Rob Thornton: You have talked about the darkness and the complexity of Butler’s Xenogenesis Trilogy. How does your piece reflect the novels?

Nicole Mitchell: Xenogenesis is an intricate trilogy expressing a metamorphosis of humanity through the interbreeding of extraterrestrials. It exposes our lack of self love, and illuminates Butler’s vivid world of other beings more powerful than humans, while documenting a journey of human survival and resistance. I focused on Dawn for Xenogenesis Suite. I was fascinated with the concept of Lilith being stripped of our homeland and her having to work towards continual survival in an alien world, alone. I created my own narrative inspired by Butler’s story, which served as the foundation of my compositions. You can include some of this below, if you wish.

1. Wonder

In wonder, there is beauty, and in wonder there is power. The power can be equally beautiful and horrific as is the power of humans to be so creative and equally destructive to planet Earth and ourselves. There is a wonder to our intelligence to build societies, study and imitate nature through inventions, and a wonder to our immaturity expressed by our inability to hold life sacred.

2. Transition A

If everything you had known is no longer, and you were placed in a seamless space, what would you feel? The space breathes; you are in the bellow of a monster. How would you find comfort i the unknown, knowing that your state of terror can only be temporary, if you are to survive. The space breathes again, adn you awaken. There is NO WAY OUT and NO WAY Back to what you have known. The only way to survive is to be altered.

3. Smell of Fear

There is a smell of fear. A loud and indistinguishable smell that sticks to its victim. It is residue from the canal between LIFE and DEATH. When on nears the death experience, through accident or tragedy, but is saved on the side of life, she survives with the residue, the smell of fear.

4. Sequence Shadows

When one keeps trying to wake from a dream, but the dream is of the past life. Now you have awakened and try to accept the alien environment that is around you. you have entered a new and strange realm.
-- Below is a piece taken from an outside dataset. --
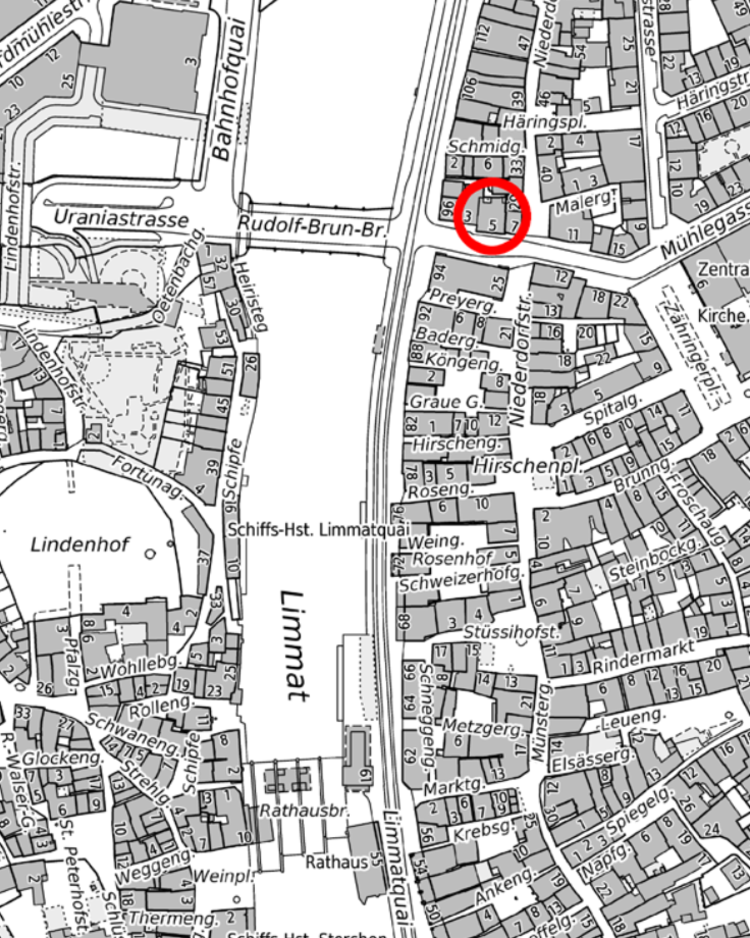 Der Obere Mühlesteg, heute bekannt als Rudolf-Brun-Brücke, erhielt seinen Namen aufgrund der dort befindlichen Mühlen, die vom 14. bis ins 19. Jahrhundert mit dem Limmatstrom betrieben wurden. Kein Wunder also, wohnten über Jahrhunderte hinweg verschiedene Müllersleute in der Mühlegasse.

One awakens to sequences shadows; the eyes cannot grasp the horrific strangeness it sees, so it sees sequence shadows. The new reality dances a strange dance and the human must breathe and accept this new vision in the eyes.

5. Oankali

The names of your caretakers on this new journey. Find humor in your capturers, identify with them, so that you can save your mind. 

6. Adrenalin

There’s nowhere to run, in a small space with no windows or doors, but the mind can find a place. Every once in a while, it can search for an opening somewhere, for peace, for the return of memory, of familiar. Where is this place? It is in waterside walks with family, sunshine and good food. The Earth is dead. Only in the mind can this place survive. In our Dreams we will run there.

7. Transition C 

Eventually, in your process of survival, you allow yourself to be altered, changed, improved by the unknown beings.

8. Before and After

Before being captured, before WAR and the destruction of the life we knew and loved, there were our busy lives. We were unaware and unappreciative of the simple things we loved. Then the explosions, the WAR, the suicide of humans. After, there is nothing. Nothing that we know. Just the unknown.

9. Dawn of a New Life

There is something after, the Dawn of a New Life. Only fragments of the past linger. Our memory altered, overwhelmed with new experiences, interacting with new and repulsive but fascinating beings. Together we enter the Dawn of a New Life.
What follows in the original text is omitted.